[Material for the task]

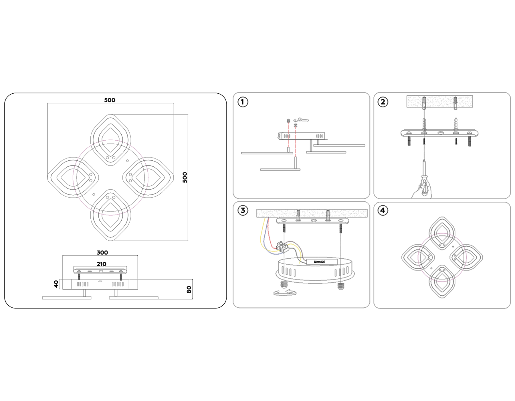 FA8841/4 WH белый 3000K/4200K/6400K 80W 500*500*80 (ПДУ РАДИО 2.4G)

[/Material for the task]
[Material for the task]

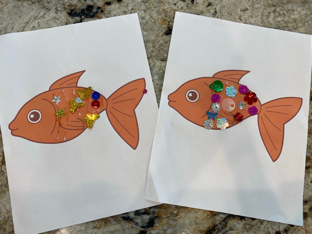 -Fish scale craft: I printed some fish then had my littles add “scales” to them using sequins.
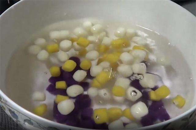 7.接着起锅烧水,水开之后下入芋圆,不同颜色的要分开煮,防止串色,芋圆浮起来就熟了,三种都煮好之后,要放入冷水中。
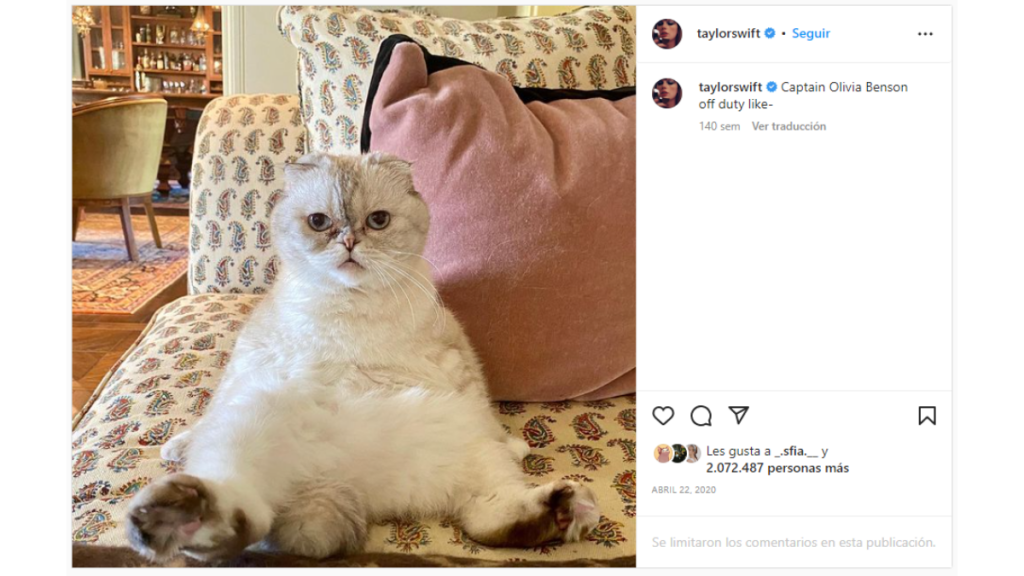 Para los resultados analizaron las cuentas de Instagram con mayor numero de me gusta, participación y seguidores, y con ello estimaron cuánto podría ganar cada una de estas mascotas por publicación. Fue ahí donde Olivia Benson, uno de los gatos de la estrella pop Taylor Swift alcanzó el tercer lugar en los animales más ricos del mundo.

[/Material for the task]
[Material for the task]

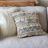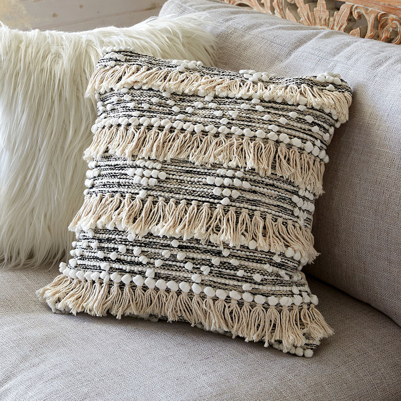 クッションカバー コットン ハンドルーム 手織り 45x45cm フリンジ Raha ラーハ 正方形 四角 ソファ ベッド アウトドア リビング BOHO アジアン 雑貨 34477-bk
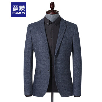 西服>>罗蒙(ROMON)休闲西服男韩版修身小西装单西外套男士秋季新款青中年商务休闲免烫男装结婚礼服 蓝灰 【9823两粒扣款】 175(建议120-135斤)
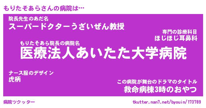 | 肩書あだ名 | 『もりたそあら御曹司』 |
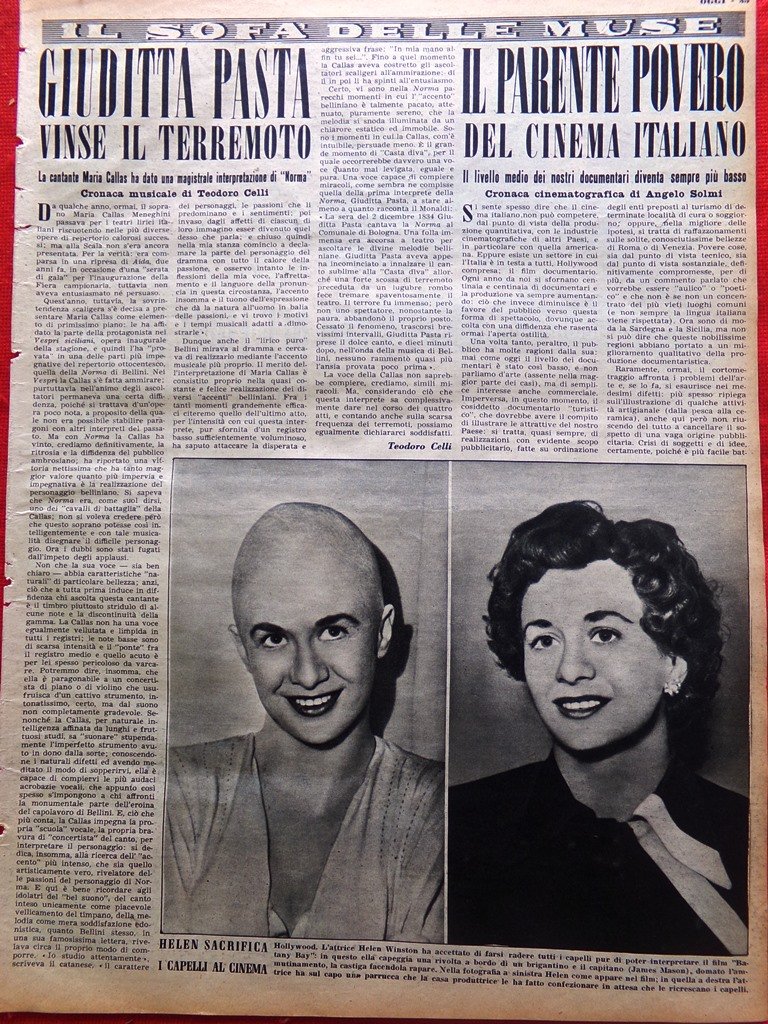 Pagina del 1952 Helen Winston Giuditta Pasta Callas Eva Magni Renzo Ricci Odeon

[/Material for the task]

▸ Task
Would you please repeat only the lines above, beginning at the one that has "肩書あだ名 | 『もりたそあら御曹司』 |" and stopping after the one that has "Pagina del 1952", exactly and with no pictures?

▸ Task response
 | 肩書あだ名 | 『もりたそあら御曹司』 |
 Pagina del 1952 Helen Winston Giuditta Pasta Callas Eva Magni Renzo Ricci Odeon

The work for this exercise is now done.